The weighted average cost of capital has been estimated based on the relative proportions of long term debt and equity in the firm. The cost of equity was obtained using the capital asset pricing model. Using the treasury rate of 4.4% and average market risk premium of 3.84% (calculated using historical S&P500 data taken from yahoo finance); NSI’s beta of 1.50 (calculated as the industry’s average beta value weighted using company incomes) yielded a cost of capital of 10.16%.
Cost of debt was also obtained using market data. Since the case mentioned that NSI’s bonds were rated A-, a cost of debt of 5.32% was obtained assuming the bonds were of 10 year maturities. Using the costs of debt and equity, and adjusting for the proportions of debt and equity on the balance sheet, the average cost of capital turned out to be 7.06%.
With a terminal growth rate of 5% and weighted average cost of capital of 7.06%, the terminal value of the firm came out to be $ 1,513,119,000. This translates to a value of the firm of $ 1,295,591,000 or $1.3 billion.

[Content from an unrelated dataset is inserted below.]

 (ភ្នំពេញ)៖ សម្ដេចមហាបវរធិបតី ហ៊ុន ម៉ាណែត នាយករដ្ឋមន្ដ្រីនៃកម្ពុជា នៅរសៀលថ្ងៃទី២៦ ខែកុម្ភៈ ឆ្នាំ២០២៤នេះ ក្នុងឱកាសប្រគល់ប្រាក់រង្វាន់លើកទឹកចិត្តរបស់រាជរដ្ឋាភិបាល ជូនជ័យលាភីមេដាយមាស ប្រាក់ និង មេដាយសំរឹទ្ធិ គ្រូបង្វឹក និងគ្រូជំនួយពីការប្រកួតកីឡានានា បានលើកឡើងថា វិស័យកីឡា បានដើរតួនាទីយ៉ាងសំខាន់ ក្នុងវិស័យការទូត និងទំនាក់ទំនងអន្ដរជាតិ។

What is the value of NSI using a multiples valuation?
Multiples valuation is done by using the average price earnings ratio of all comparable companies to determine the value of NSI. Using this method, the average price earnings ratio of all comparable companies turns out to be 30.77. Using this multiple, the value of NSI stands at $1.28 billion (using the latest total earnings value from NSI’s financial statements). It can be seen that the value using the multiples approach is quite similar to the one using the discounted cash flow method. On the whole, the discounted cash flow method is preferred as a method of valuation because it is more company specific; whereas, the multiple's approach only looks at industry averages.

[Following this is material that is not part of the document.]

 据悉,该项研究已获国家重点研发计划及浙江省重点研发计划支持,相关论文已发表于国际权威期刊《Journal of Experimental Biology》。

What price should Lockheed Martin offer for NSI if it decides to proceed with the acquisition?
As mentioned, the discounted cash flow method is more intuitive for valuation. This means that it is given more weightage in any decision making. In this case, NSI was valued at $1.3 billion. This means that Lockheed Martin should not bid more than the amount mentioned for the company. NSI in its current operation is not worth more than that. Any additional value that can potentially be created by the company will have to be tapped by Lockheed by implementing new managerial and operational strategies to integrate the two companies. Therefore, Lockheed Martin should bid a maximum of $1.05 billion for NSI.
What is the value of the potential synergies that could result from the acquisition?
As mentioned in the case, that under Lockheed Martin’s management and operational umbrella, NSI has the potential to grow at a much higher rate indefinitely (for the foreseeable future). This means that whatever value that can potentially be generated, will be through an increased growth rate. We know that, at the current estimated growth rate of 5%, NSI is worth $1.3 billion. If we use the same model but increase the growth rate to 5.7% (realistic indefinite growth gained by integration cannot be any higher than that), the value increases to $1.93 billion. This means that even a 1% (realistic) increase in growth rate due to improved synergies will result in an almost $600 million increase in value.